EXERCISE MATERIALS
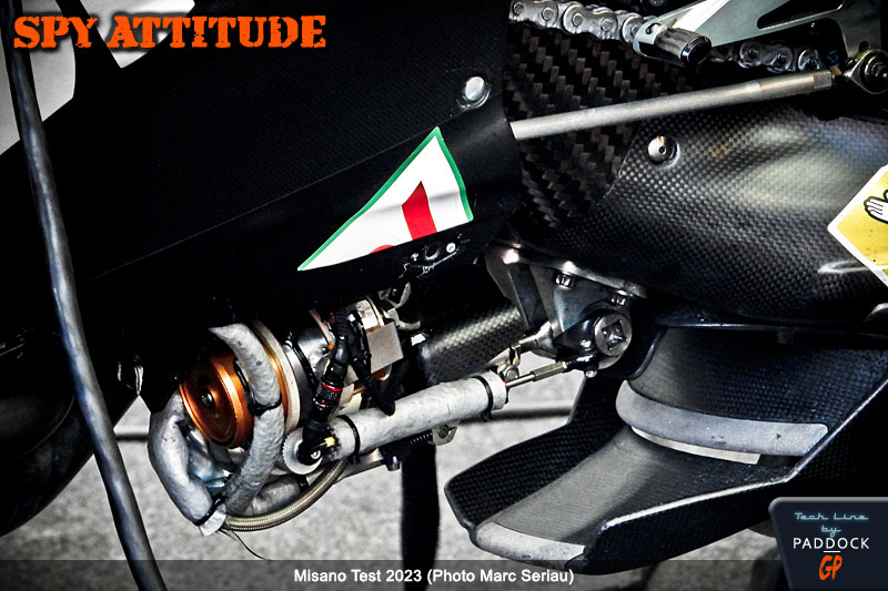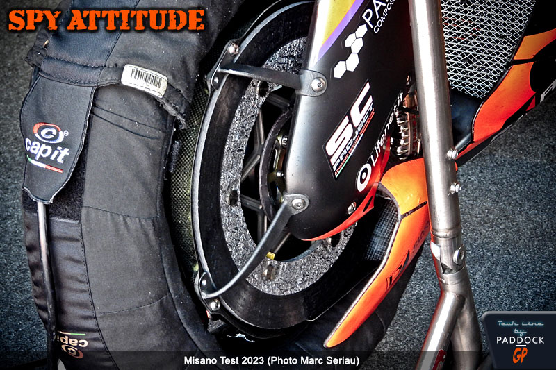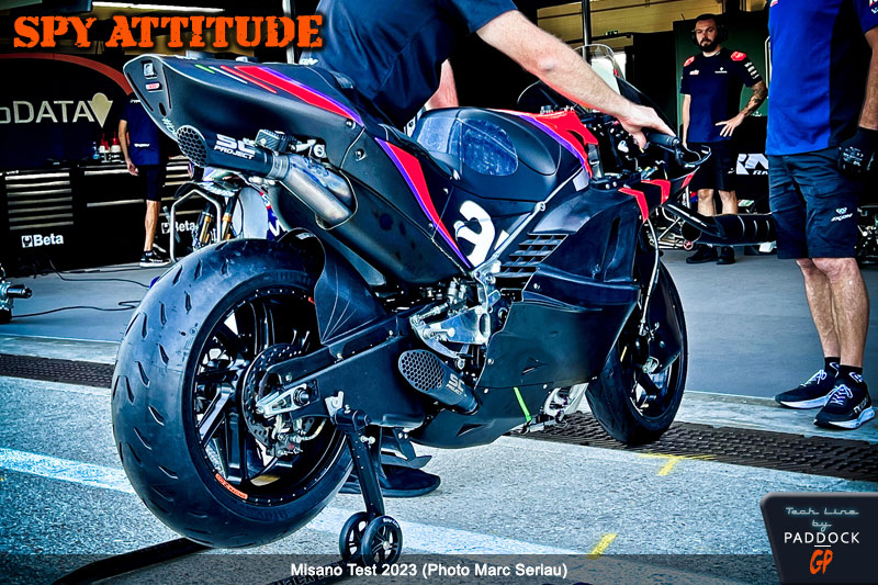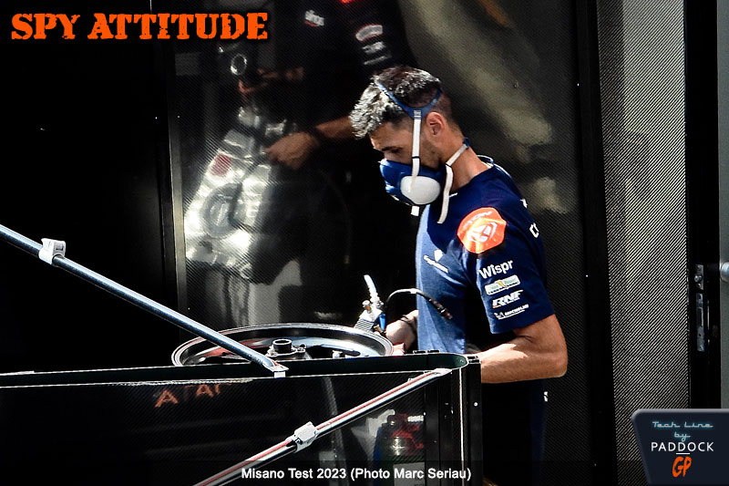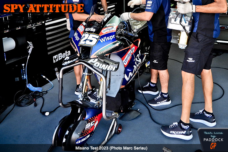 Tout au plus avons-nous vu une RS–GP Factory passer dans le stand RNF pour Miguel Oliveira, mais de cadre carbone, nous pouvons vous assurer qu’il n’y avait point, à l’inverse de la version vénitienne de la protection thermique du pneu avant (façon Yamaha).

---

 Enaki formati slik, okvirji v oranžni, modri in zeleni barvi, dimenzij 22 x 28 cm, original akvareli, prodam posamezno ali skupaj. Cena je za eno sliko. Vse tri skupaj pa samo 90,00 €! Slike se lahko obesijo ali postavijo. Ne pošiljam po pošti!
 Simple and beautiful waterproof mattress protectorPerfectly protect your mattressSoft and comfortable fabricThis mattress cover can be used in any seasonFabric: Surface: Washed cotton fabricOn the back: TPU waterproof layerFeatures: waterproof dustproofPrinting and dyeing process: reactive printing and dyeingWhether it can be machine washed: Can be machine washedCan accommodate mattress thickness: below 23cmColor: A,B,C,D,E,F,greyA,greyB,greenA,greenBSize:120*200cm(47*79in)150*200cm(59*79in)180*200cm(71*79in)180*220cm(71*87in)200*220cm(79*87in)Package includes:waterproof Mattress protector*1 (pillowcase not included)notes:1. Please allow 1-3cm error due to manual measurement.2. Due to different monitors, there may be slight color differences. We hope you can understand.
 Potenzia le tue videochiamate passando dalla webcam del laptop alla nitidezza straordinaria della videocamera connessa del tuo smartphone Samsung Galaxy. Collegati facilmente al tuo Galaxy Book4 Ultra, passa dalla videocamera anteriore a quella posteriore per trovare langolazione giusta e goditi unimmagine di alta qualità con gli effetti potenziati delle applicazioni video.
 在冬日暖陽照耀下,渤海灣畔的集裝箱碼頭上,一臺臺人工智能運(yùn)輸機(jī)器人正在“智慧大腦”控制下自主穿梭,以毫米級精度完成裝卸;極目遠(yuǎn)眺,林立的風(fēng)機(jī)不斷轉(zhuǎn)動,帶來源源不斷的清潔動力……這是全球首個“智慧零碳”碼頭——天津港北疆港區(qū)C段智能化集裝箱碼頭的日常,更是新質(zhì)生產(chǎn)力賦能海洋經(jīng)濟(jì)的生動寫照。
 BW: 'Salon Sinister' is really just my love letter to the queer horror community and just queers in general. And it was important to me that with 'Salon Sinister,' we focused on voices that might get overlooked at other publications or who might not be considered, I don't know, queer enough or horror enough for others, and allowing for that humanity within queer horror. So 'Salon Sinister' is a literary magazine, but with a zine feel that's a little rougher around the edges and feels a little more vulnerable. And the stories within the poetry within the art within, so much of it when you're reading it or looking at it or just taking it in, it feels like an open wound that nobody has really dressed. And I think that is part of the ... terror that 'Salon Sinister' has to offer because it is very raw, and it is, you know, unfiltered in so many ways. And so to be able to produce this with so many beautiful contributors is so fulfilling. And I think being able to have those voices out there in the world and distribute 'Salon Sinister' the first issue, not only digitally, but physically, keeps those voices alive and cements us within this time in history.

TASK REQUIREMENTS
Copy each line from the data that features the string "there".

TASK RESPONSE
 Simple and beautiful waterproof mattress protectorPerfectly protect your mattressSoft and comfortable fabricThis mattress cover can be used in any seasonFabric: Surface: Washed cotton fabricOn the back: TPU waterproof layerFeatures: waterproof dustproofPrinting and dyeing process: reactive printing and dyeingWhether it can be machine washed: Can be machine washedCan accommodate mattress thickness: below 23cmColor: A,B,C,D,E,F,greyA,greyB,greenA,greenBSize:120*200cm(47*79in)150*200cm(59*79in)180*200cm(71*79in)180*220cm(71*87in)200*220cm(79*87in)Package includes:waterproof Mattress protector*1 (pillowcase not included)notes:1. Please allow 1-3cm error due to manual measurement.2. Due to different monitors, there may be slight color differences. We hope you can understand.
 BW: 'Salon Sinister' is really just my love letter to the queer horror community and just queers in general. And it was important to me that with 'Salon Sinister,' we focused on voices that might get overlooked at other publications or who might not be considered, I don't know, queer enough or horror enough for others, and allowing for that humanity within queer horror. So 'Salon Sinister' is a literary magazine, but with a zine feel that's a little rougher around the edges and feels a little more vulnerable. And the stories within the poetry within the art within, so much of it when you're reading it or looking at it or just taking it in, it feels like an open wound that nobody has really dressed. And I think that is part of the ... terror that 'Salon Sinister' has to offer because it is very raw, and it is, you know, unfiltered in so many ways. And so to be able to produce this with so many beautiful contributors is so fulfilling. And I think being able to have those voices out there in the world and distribute 'Salon Sinister' the first issue, not only digitally, but physically, keeps those voices alive and cements us within this time in history.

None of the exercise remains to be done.